## EXERCISE DIRECTIONS
Take the lines from the beginning of the material through the line containing "Raynaud’s phenomenon of" and retype them exactly, leaving the pictures out.

## INFORMATION SUPPLIED
_ _ _ _

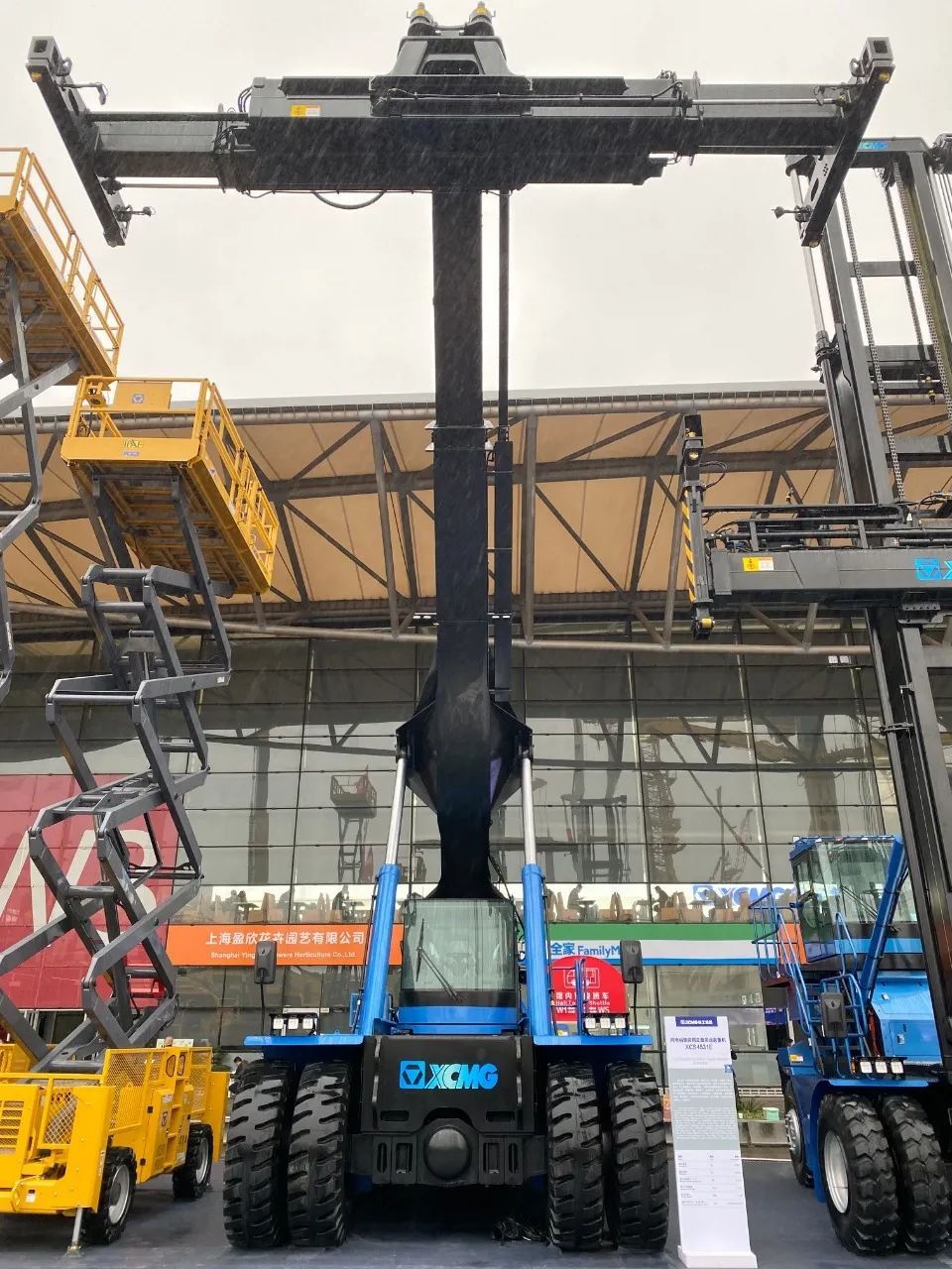 哈工机械于2005年开始生产HCS46型46吨集装箱正面吊。最新研发的集装箱码垛机,改变了传统作业方式,能从运输车上抓取集装箱以后上车旋转直接码垛,或者从堆垛上抓取集装箱后旋转装车,省油、省轮胎、安全、高效。可翻转吊具能进行箱对箱倒箱作业、方便散货进箱和拆箱。
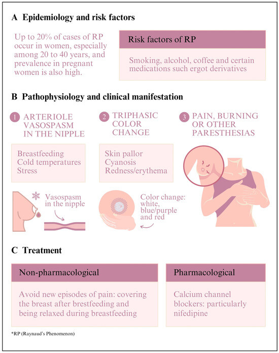 Raynaud’s phenomenon of the nipple: epidemiology, risk factors, pathophysiology, clinical manifestation, and treatment [1,2,3,4,5,6,7,8,9,10,11,12,13,14,15,16,17,18,19,20,21,22,23,24,25,26,27,28,29,30,31,32,33,34,35,36,37,38] (Adapted).
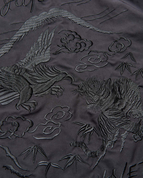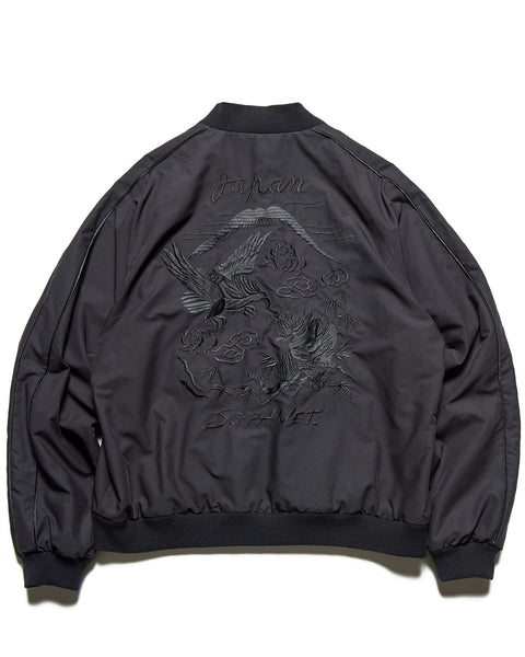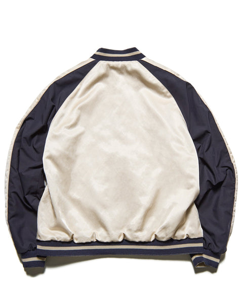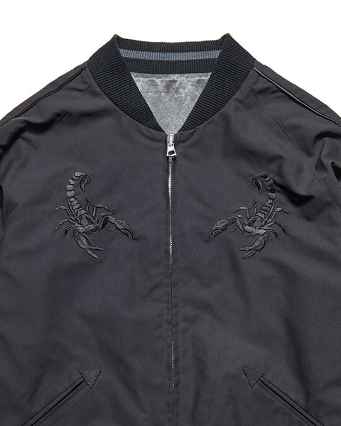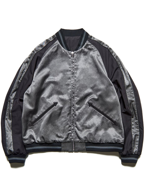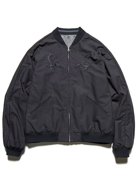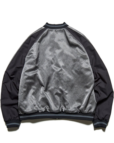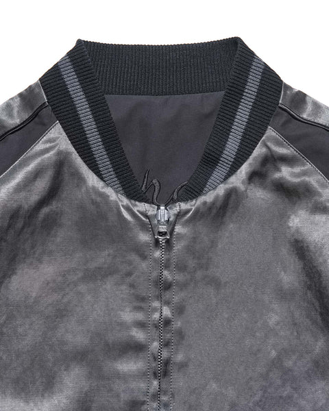 SOPHNET. presents a new generation souvenir jacket with a different look on both sides. The reversible satin fabric, pigment-dyed and bio-bleached, develops a vintage-like texture the more you wear it. The other side is made of a high-density, water-repellent twill, with a subtle contrast between the matte and bright finishes of the body, embroidered with scorpions on both chests and a graphic on the back. This exceptional piece features a relaxed, rounded silhouette and classic details like lined ribs and hem pockets.

_ _ _ _

## EXERCISE RESPONSE
 哈工机械于2005年开始生产HCS46型46吨集装箱正面吊。最新研发的集装箱码垛机,改变了传统作业方式,能从运输车上抓取集装箱以后上车旋转直接码垛,或者从堆垛上抓取集装箱后旋转装车,省油、省轮胎、安全、高效。可翻转吊具能进行箱对箱倒箱作业、方便散货进箱和拆箱。
 Raynaud’s phenomenon of the nipple: epidemiology, risk factors, pathophysiology, clinical manifestation, and treatment [1,2,3,4,5,6,7,8,9,10,11,12,13,14,15,16,17,18,19,20,21,22,23,24,25,26,27,28,29,30,31,32,33,34,35,36,37,38] (Adapted).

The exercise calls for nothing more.